Below is a listing; print exactly its lines from the one containing "- Set Contents: 1" down to the one containing "Лебедь на море.", both inclusive, with every picture left out.

__DATASET SECTION__:
====
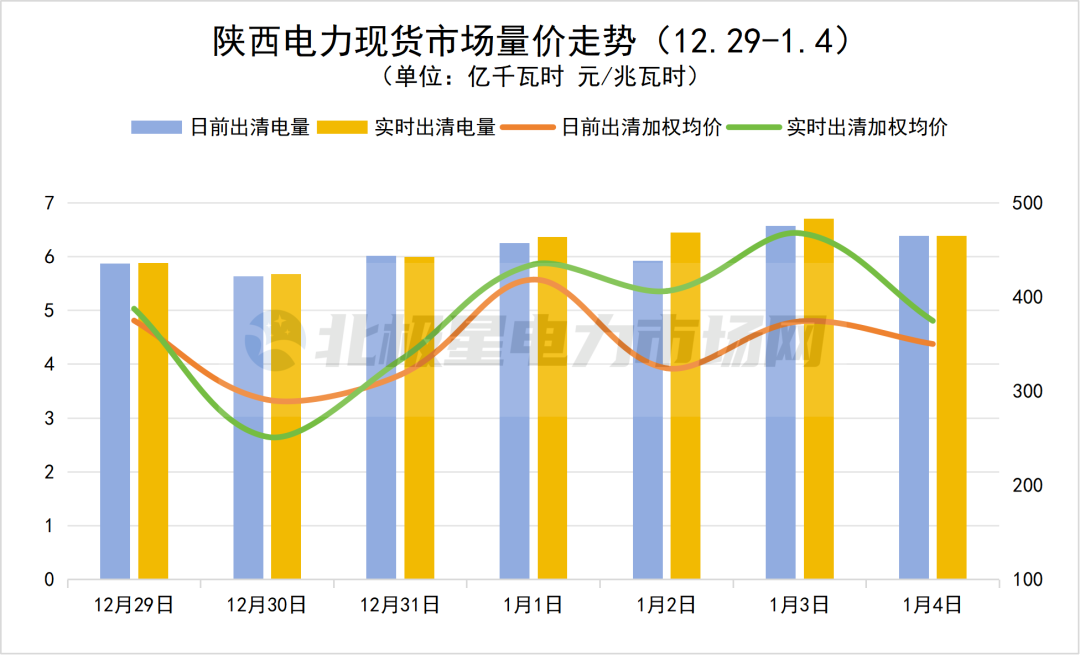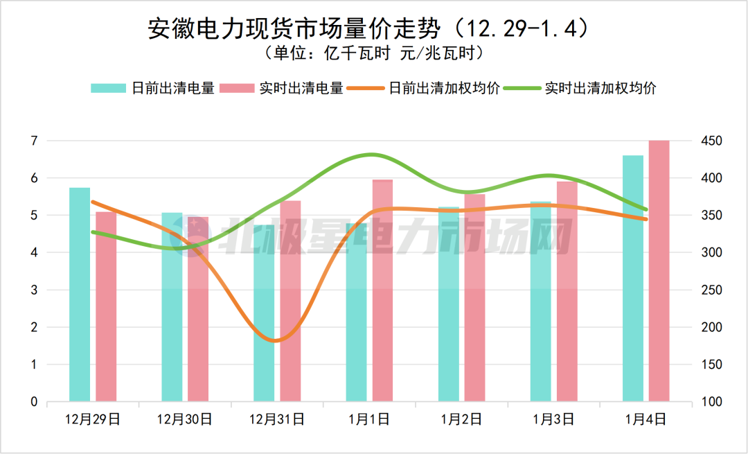 2025年12月29日至2026年1月4日日前出清加权均价最高为418.51元/兆瓦时,最低为290.98元/兆瓦时;日前出清加权均价最高为467.8元/兆瓦时,最低为251.58元/兆瓦时。
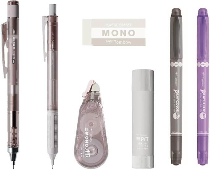 - Set Contents: 1 Mechanical Pencil, Monogram (0.5 mm), 2) Mechanical Pencil, Monogram Light (0.5 mm), 3) Eraser, MONO (Width 0.9 inches (23 mm) x Total Length 2.2 inches (55 mm), 4) Stick Glue Color Pit S (Capacity 0.4 oz (10 g), 5 Correction Tape, Mono Air (5 mm Width 32 mm x 10 m), 6) Water Based Marker Play Color Dots (5 m)
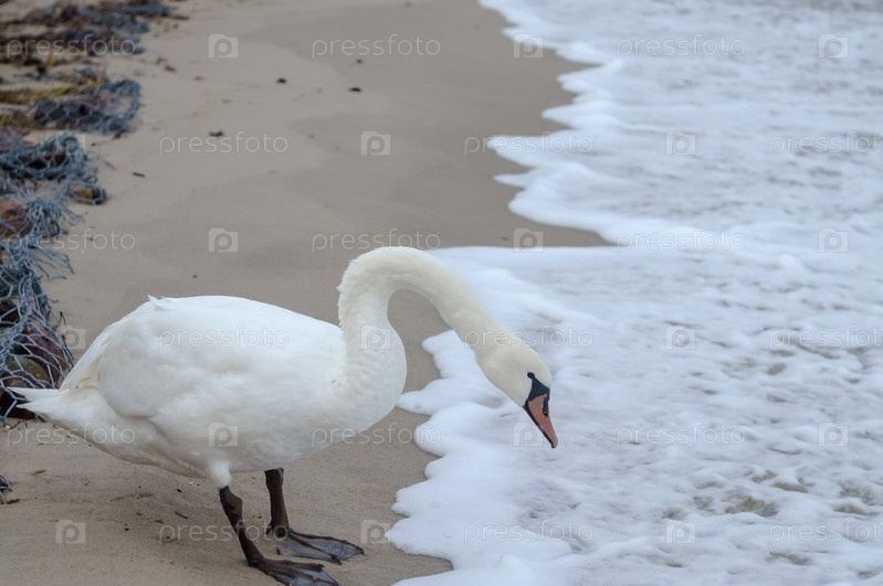 Лебедь на море. Белая птица на фоне песка. Белый лебедь
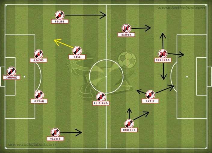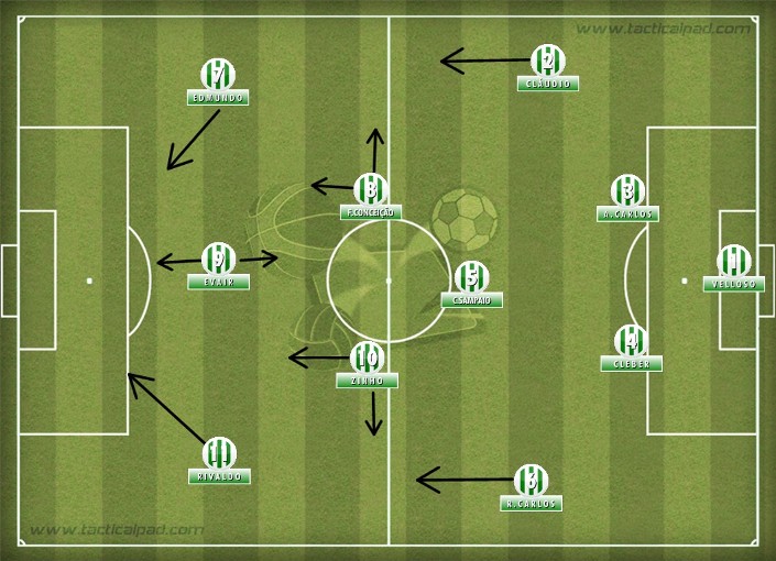 Palmeiras 1994 – Campeão brasileiro, em nova final contra o arquirrival, o time de Luxa mantinha o desenho tático e a movimentação de Evair. Sem Mazinho, Cláudio atuou na lateral-direita e Flávio Conceição herdou vaga no meio-campo. Zinho tinha liberdade para organizar o meio e municiar Edmundo e Rivaldo, que também fazia a diagonal a partir da esquerda. O “Animal”, apelido dado pelo narrador Osmar Santos, mais uma vez fez a diferença com gols e assistências;
====
__SOLUTION TO THIS PROBLEM__:
 - Set Contents: 1 Mechanical Pencil, Monogram (0.5 mm), 2) Mechanical Pencil, Monogram Light (0.5 mm), 3) Eraser, MONO (Width 0.9 inches (23 mm) x Total Length 2.2 inches (55 mm), 4) Stick Glue Color Pit S (Capacity 0.4 oz (10 g), 5 Correction Tape, Mono Air (5 mm Width 32 mm x 10 m), 6) Water Based Marker Play Color Dots (5 m)
 Лебедь на море. Белая птица на фоне песка. Белый лебедь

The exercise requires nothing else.